======== RECORD SET

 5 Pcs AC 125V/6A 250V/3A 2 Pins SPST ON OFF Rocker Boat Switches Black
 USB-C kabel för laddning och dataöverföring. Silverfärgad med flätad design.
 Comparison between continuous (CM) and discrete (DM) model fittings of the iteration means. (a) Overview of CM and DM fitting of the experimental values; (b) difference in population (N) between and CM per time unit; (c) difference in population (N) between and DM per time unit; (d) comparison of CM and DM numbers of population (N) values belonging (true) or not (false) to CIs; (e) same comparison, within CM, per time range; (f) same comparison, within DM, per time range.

================
======== RECORD SET

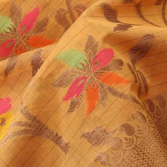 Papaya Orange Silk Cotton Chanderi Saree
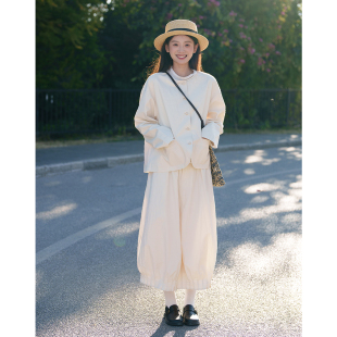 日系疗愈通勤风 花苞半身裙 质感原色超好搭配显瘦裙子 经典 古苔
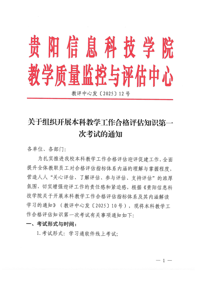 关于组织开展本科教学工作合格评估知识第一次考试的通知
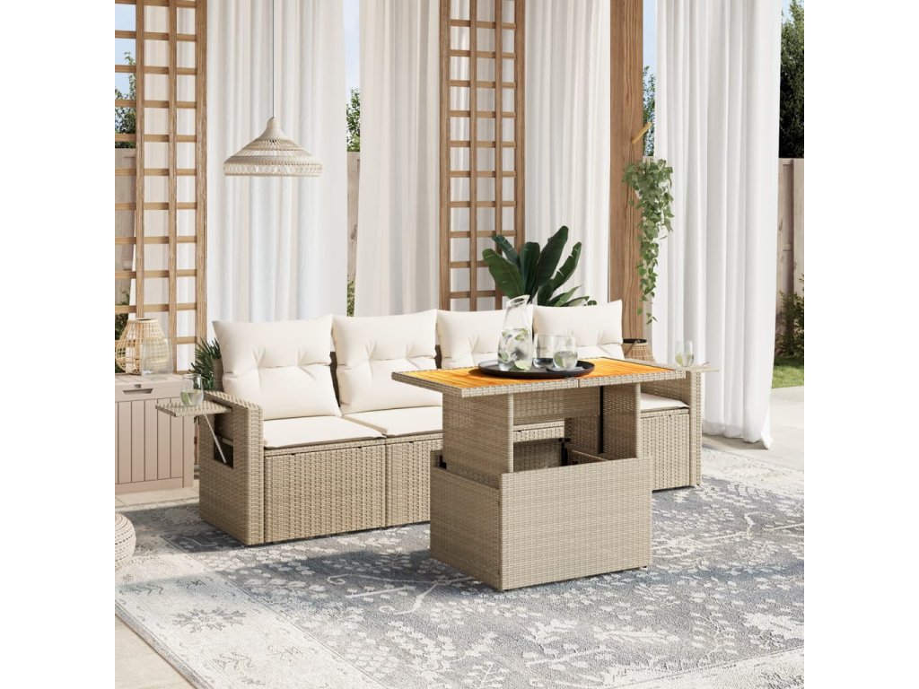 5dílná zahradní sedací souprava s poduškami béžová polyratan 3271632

================

TASK DETAILS:
Please give again the lines above between the line holding "5 Pcs AC 125V/6A" and the line holding "Comparison between continuous", inclusive, exactly as they are and with nothing added.

PROBLEM SOLUTION:
 5 Pcs AC 125V/6A 250V/3A 2 Pins SPST ON OFF Rocker Boat Switches Black
 USB-C kabel för laddning och dataöverföring. Silverfärgad med flätad design.
 Comparison between continuous (CM) and discrete (DM) model fittings of the iteration means. (a) Overview of CM and DM fitting of the experimental values; (b) difference in population (N) between and CM per time unit; (c) difference in population (N) between and DM per time unit; (d) comparison of CM and DM numbers of population (N) values belonging (true) or not (false) to CIs; (e) same comparison, within CM, per time range; (f) same comparison, within DM, per time range.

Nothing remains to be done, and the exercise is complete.